Personally I use Gitlab.

3 comments

Not quite: Codeberg discourages you from having too many closed source projects, but you can absolutely have private repositories. I have several.

They explain the rules here: https://docs.codeberg.org/getting-started/faq/#how-about-pri...

How much they tolerate private projects and the specific rule you link is so vague it's worthless.

I want 100% certainty that if my side project makes money they're not going to come after me for breaking terms. Anything less is worthless.

Worthless _to you_. Given that it's a free service, I think it's perfectly reasonable that they only want to host Free software. There are any number of other tools catering to businesses.
It was a reply to the comment. My original comment merely stated the fact and that I use something else.

I'm saying vague promises are worthless, not the service if you do 100% FOSS.

> I want 100% certainty

this is completely unrealistic even if you're paying a company to host your stuff

It's not. If the terms of use unambiguously allow it, the law is on your side no matter what the host tries.
there's no law, it's a contract

you can be sued by anyone for anything at any time, regardless of your opinion of "unambiguous"

Are you being intentionally obtuse?

Yes, lawsuits are how contract disputes are settled. "The law is on your side" means a court will side with you in case of a lawsuit.

That would be it. It's why I started with BitBucket. Because Github didn't allow for private repositories on the free tier at the time.
Wait really? is that the case, I didn't know that!
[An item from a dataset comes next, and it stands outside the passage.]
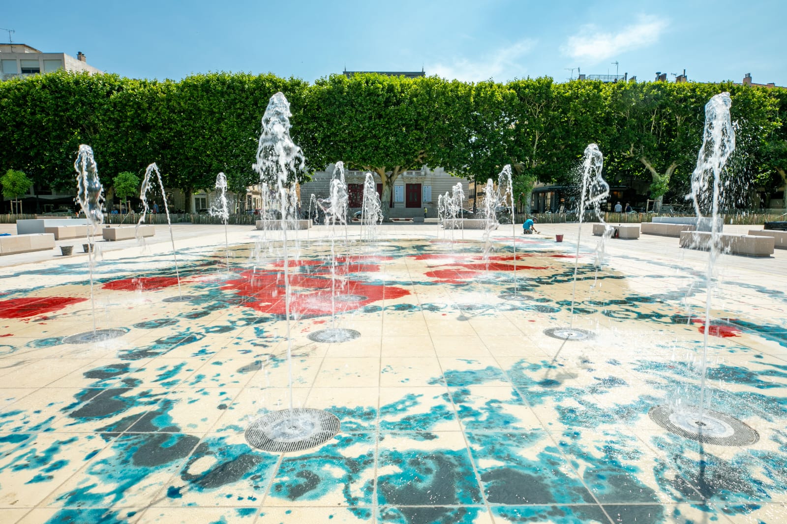 Dans le cadre du réaménagement de la place Victor Hugo à Sète, l’artiste a réalisé « La Fontaine des fleurs mouvantes », à l’entrée de la ville de l’Hérault.

I actually went and found the source as I wanted to ask you but I felt like HN police might come saying to give a google search so I am going to paste it here to save someone else a google search but also here is the main thing

> Our mission is to support the creation and development of Free Software; therefore we only allow repos licensed under an OSI/FSF-approved license. For more details see Licensing article. However, we sometimes tolerate repositories that aren't perfectly licensed and focus on spreading awareness on the topic of improper FLOSS licensing and its issues.

https://codeberg.org/magicfelix/Codeberg-Documentation/src/b...

Funny thing is that I found this through by copying the statement from the hackernews comment and I was only able to find this through HN.